* **WORK INSTRUCTIONS**
Emit the data below verbatim, stripping out any pictures.

* **LISTED ENTRIES**

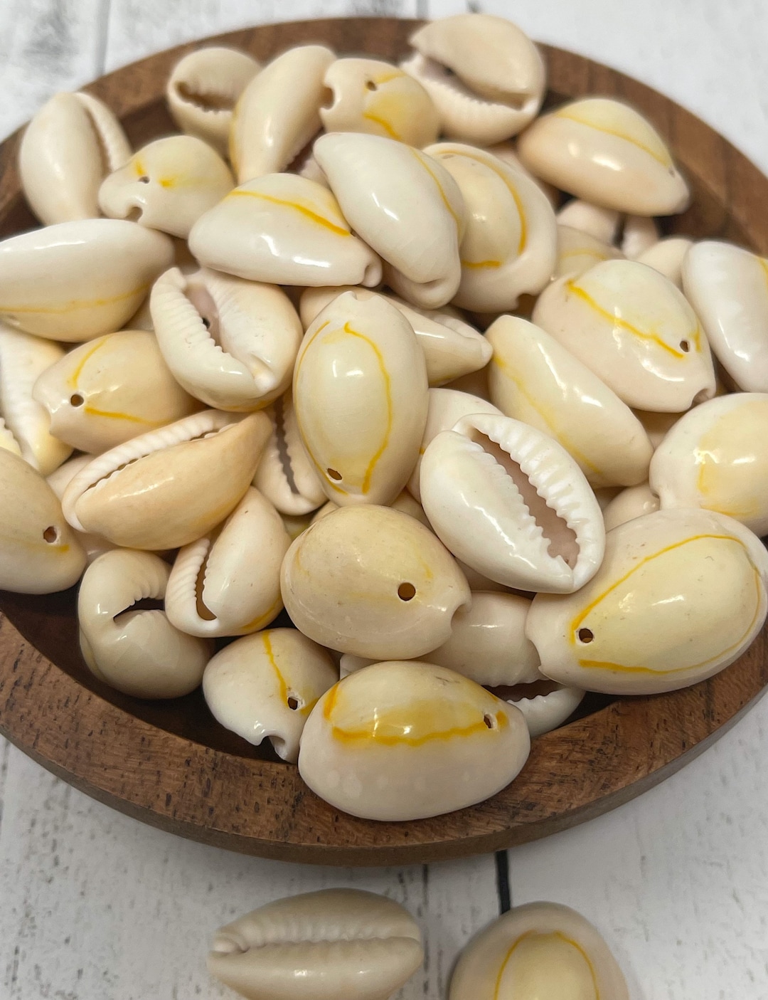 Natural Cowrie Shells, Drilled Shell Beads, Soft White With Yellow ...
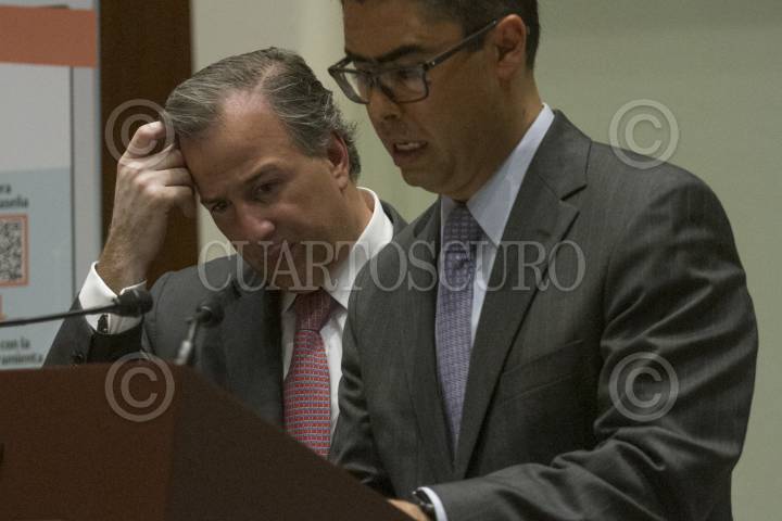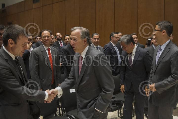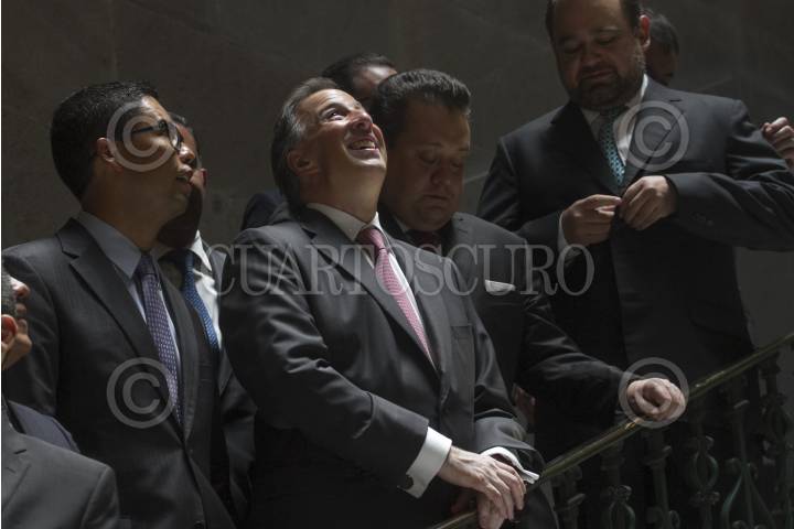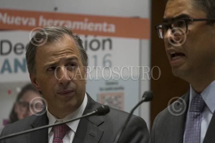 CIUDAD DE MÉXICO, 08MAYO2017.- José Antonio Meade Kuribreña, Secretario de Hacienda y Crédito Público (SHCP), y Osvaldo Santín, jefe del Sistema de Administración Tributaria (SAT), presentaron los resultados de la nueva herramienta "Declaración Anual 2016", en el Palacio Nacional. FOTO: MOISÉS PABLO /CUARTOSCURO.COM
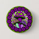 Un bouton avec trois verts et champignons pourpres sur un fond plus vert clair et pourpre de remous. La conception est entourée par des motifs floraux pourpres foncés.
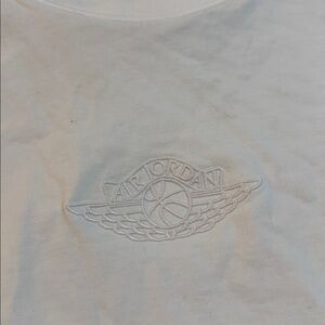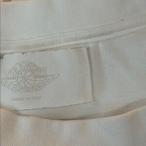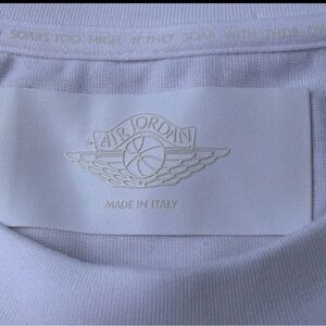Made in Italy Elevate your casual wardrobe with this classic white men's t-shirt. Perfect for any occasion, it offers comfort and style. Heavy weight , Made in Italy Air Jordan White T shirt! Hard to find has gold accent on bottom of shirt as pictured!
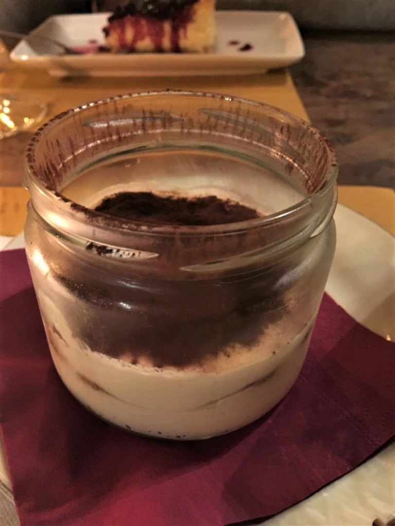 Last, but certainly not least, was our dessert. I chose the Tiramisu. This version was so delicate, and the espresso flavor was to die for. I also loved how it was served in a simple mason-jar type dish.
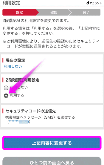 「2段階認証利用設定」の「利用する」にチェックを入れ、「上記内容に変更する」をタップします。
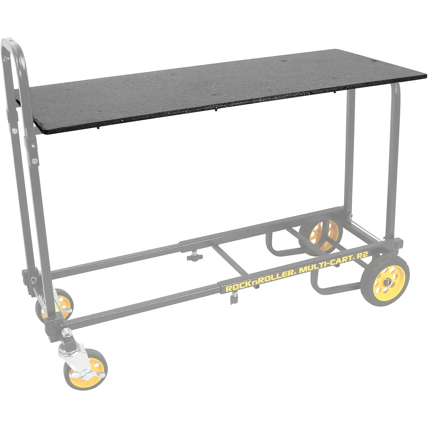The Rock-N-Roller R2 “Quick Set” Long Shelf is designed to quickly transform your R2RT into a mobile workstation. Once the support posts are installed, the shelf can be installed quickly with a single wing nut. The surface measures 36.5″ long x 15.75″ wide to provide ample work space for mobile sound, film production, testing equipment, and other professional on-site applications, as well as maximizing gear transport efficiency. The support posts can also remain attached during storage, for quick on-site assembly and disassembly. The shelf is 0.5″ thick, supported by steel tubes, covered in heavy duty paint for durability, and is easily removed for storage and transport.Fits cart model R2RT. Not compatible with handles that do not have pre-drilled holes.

* **ANSWER**
 Natural Cowrie Shells, Drilled Shell Beads, Soft White With Yellow ...
 CIUDAD DE MÉXICO, 08MAYO2017.- José Antonio Meade Kuribreña, Secretario de Hacienda y Crédito Público (SHCP), y Osvaldo Santín, jefe del Sistema de Administración Tributaria (SAT), presentaron los resultados de la nueva herramienta "Declaración Anual 2016", en el Palacio Nacional. FOTO: MOISÉS PABLO /CUARTOSCURO.COM
 Un bouton avec trois verts et champignons pourpres sur un fond plus vert clair et pourpre de remous. La conception est entourée par des motifs floraux pourpres foncés.
Made in Italy Elevate your casual wardrobe with this classic white men's t-shirt. Perfect for any occasion, it offers comfort and style. Heavy weight , Made in Italy Air Jordan White T shirt! Hard to find has gold accent on bottom of shirt as pictured!
 Last, but certainly not least, was our dessert. I chose the Tiramisu. This version was so delicate, and the espresso flavor was to die for. I also loved how it was served in a simple mason-jar type dish.
 「2段階認証利用設定」の「利用する」にチェックを入れ、「上記内容に変更する」をタップします。
The Rock-N-Roller R2 “Quick Set” Long Shelf is designed to quickly transform your R2RT into a mobile workstation. Once the support posts are installed, the shelf can be installed quickly with a single wing nut. The surface measures 36.5″ long x 15.75″ wide to provide ample work space for mobile sound, film production, testing equipment, and other professional on-site applications, as well as maximizing gear transport efficiency. The support posts can also remain attached during storage, for quick on-site assembly and disassembly. The shelf is 0.5″ thick, supported by steel tubes, covered in heavy duty paint for durability, and is easily removed for storage and transport.Fits cart model R2RT. Not compatible with handles that do not have pre-drilled holes.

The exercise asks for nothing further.